スズキ財団やらまいか大賞 塩路氏(京都大名誉教授)選出

 スズキ財団(理事長・鈴木俊宏スズキ社長)はこのほど、機械工業技術の発展へ優れた功績を上げた研究者を顕彰する第4回やらまいか大賞と同特別賞の贈呈式を浜松市中央区で開いた。大賞は京都大の塩路昌宏名誉教授(72)、特別賞は東京都市大の伊東明美教授(58)が選ばれ、鈴木理事長が表彰状を手渡した。

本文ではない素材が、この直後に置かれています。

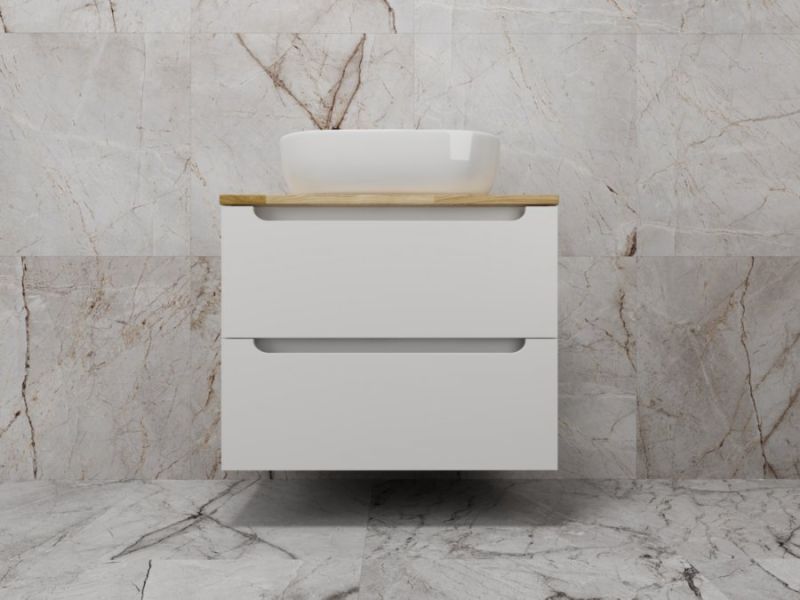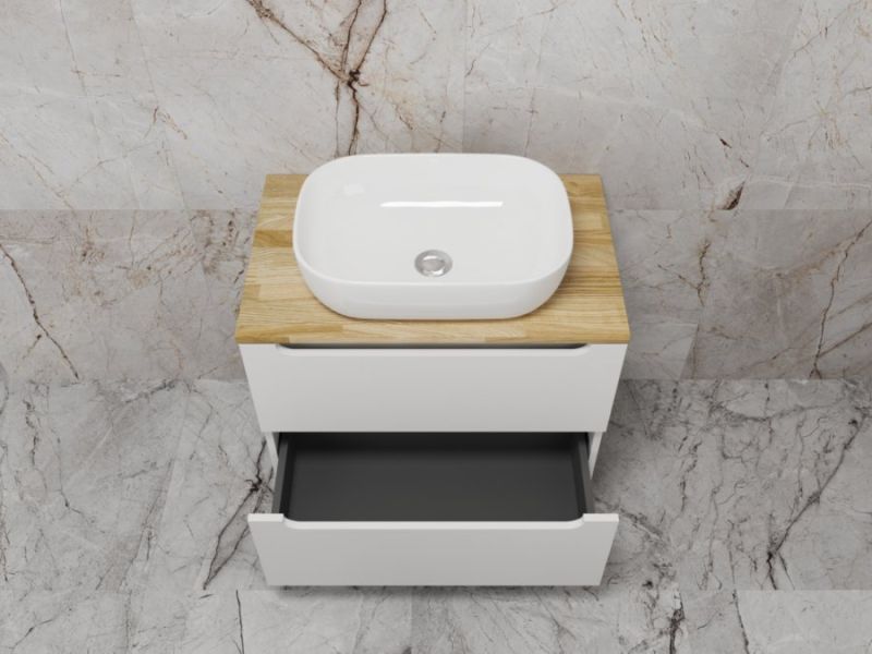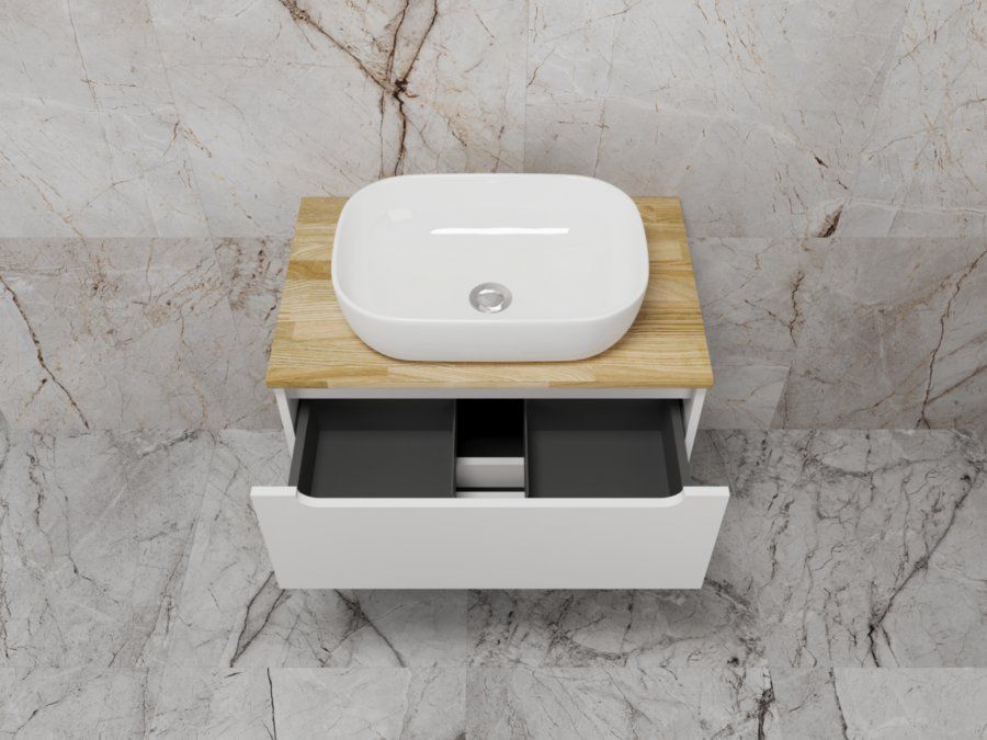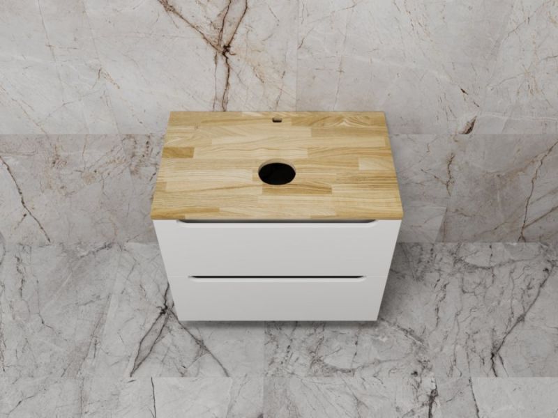 Столешница из натурального ясеня толщиной 20 мм покрыта матовым влагостойким лаком. Фасады и корпус в матовой пленке SOFT TUOCH. Внутренне наполнение из ЛДСП в декоре ГРАФИТ с эргономичным ограничителем под сифон. Фасады без ручек с лаконичным вырезом для комфортного открывания. Выдвижные ящики с системой плавного закрывания SOFT CLOSE. Экологичные и влагостойкие материалы. Легкость в уходе, практичность и стильный внешний вид.

やらまいか大賞を受賞した塩路昌宏京都大名誉教授(左から2人目)と特別賞の伊東明美東京都市大教授(同3人目)=浜松市中央区
やらまいか大賞を受賞した塩路昌宏京都大名誉教授(左から2人目)と特別賞の伊東明美東京都市大教授(同3人目)=浜松市中央区

 塩路名誉教授は水素エンジンを皮切りに、エンジン燃焼研究を推進。高効率化や水素・天然ガス燃料の利用に貢献する新たな計測方法や燃焼モデル開発などで成果を上げた。17年度に財団の助成を受けた伊東教授は、環境負荷低減へエンジンのオイル消費メカニズムの解析研究を進め、水素エンジンにも研究範囲を広げた。女性技術者リーダーとしての活躍も評価された。
 塩路名誉教授は「やらまいかの精神が原動力になった。科学的知見を生かし、今後も社会の持続的な発展に貢献していきたい」と謝辞を述べた。鈴木理事長は「脱炭素化や交通事故防止など、自動車業界がこれまでとは比較にならない高度で複雑な課題解決が期待される中、優秀な技術者確保へ、わくわくする個性的な研究を奨励し援助していきたい」と語った。
 本年度の科学技術研究助成として、対象者55件(助成額1億1183万円)も発表した。